A current theme among institutional investors - especially public pension funds - is socially responsible investing. Sometimes referred to as ESG, for Environment, Society and Governance, this movement seeks to improve the non-financial impacts of investments made by these investors on the world at large.
It is a noble undertaking, much to be encouraged. But my point is this. If we really want to get serious about socially responsible investing, we have to get serious about providing the enterprise with a choice in addition to Wall Street as a solution for getting financed.
Wall Street dominates finance today, and Wall Street has one, single mission - to trade stocks, and other financial instruments. Stocks trade when prices change, and prices change when the market perceives that enterprise value is going to increase (or decline, but increases are better!).

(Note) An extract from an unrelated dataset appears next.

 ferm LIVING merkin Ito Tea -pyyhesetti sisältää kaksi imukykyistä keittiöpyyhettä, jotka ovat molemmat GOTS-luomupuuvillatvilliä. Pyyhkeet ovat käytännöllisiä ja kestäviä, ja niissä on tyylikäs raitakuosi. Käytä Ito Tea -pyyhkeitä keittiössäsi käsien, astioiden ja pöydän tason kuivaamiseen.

So, once an enterprise enters the Market, it commits itself to a constant campaign, 24/7, to generate investor perceptions of increasing enterprise value. Every strategic decision the enterprise makes from that point, forward, has to be made with an overarching concern for how it will affect share price.
For an enterprise in the midst of rapid organic growth - Apple Computer in these heady days of iPods, iPhones and iPads comes to mind - this in not a problem. The choices they want to make for business and social reasons are also choices that will drive up share price. Their business is naturally aligned with the Market. But what about companies whose business is more stable, more mature, more steady state? These companies may want to make choices that are socially responsible, but they can't. Not if they got money from Wall Street. Social responsibility does not drive share price. Growth does, and so they have to do whatever they can to manufacture growth. This they do through a variety of choices. Some of the most effective are not what can be called socially responsible.

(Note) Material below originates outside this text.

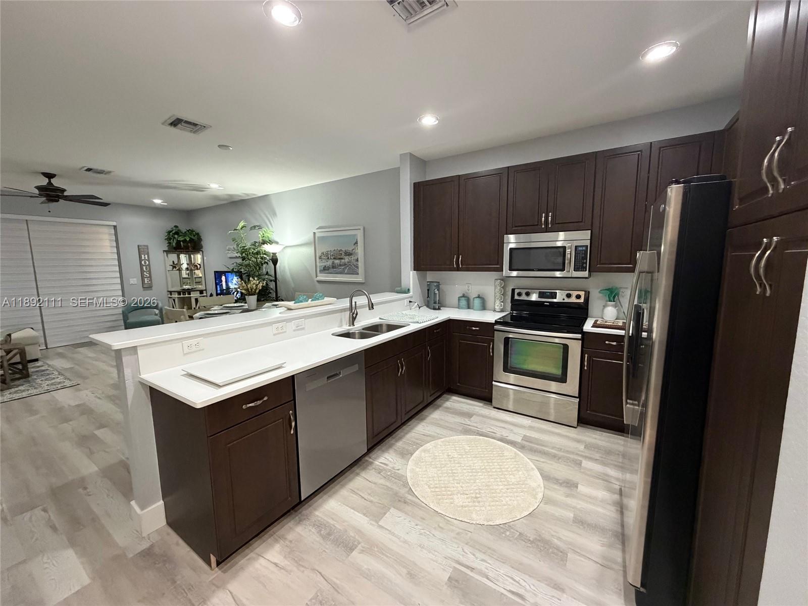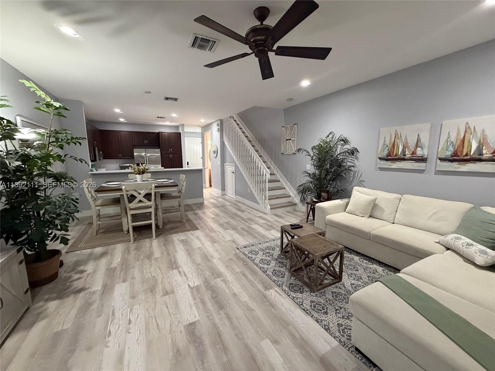 Substantially Remolded and Ready to Move In! A hidden gem in the highly desirable SADDLE BRIDGE neighborhood. Beautiful lakeview with a walking path around the lake. HURRICANE IMPACT WINDOWS/DOORS! This home boasts new LVP flooring, freshly painted throughout including all doors, new baseboards (2023). New recessed lighting throughout. Fans in all bedrooms and living room. New bright white quartz countertops and backsplash. Large kitchen with deep cabinets provide plenty of storage. Completely upgraded 1/2 bath downstairs. Washer/Dryer (2024) on 2nd floor for convenience. Split floor plan upstairs with a spacious master bedroom with a walk-in closet. Master Bathroom has dual sinks and a separate toilet room. Equipped with an alarm system, and a Ring camera door bell. Electrical panel has been pre-wired for an electric vehicle.

We can't change these choices by telling an enterprise they're being bad managers. They're not. They're doing what their Master demands. Their Master is Wall Street, and Wall Street demands Growth.
We also can't change this by telling Wall Street it's bad. It's not. It's just doing what it was designed to do.
If we are serious about Socially Responsible Investing, we have to not so much get better at the way we manage the investments we already make, as to begin making investments in a better way. We have to offer the enterprise another way to get funded that isn't the Wall Street way.
Wall Street is one dimensional. Business is three-dimensional. One dimension is growth, which Wall Street handles very well. Another dimension is keeping on, something Wall Street simply cannot value. A third dimension is making a change, which Wall Street really doesn't understand.
When an enterprise that should be keeping on is forced, by Wall Street, to manufacture growth, bad things happen.
To prevent these bad things from happening, we have to give these firms another way.
That's my challenge to people who support socially responsible investing; to also support the invention of new approaches to investing that will reward a business for doing the right things, at the right time: for growing when it is time to grow; for just keeping on, when it is best to just keep doing the same thing, over and over again, reliably and well; and for making a change when we really do need to make a change.
We can't ask Wall Street to come up with that invention. It has to be done a different way.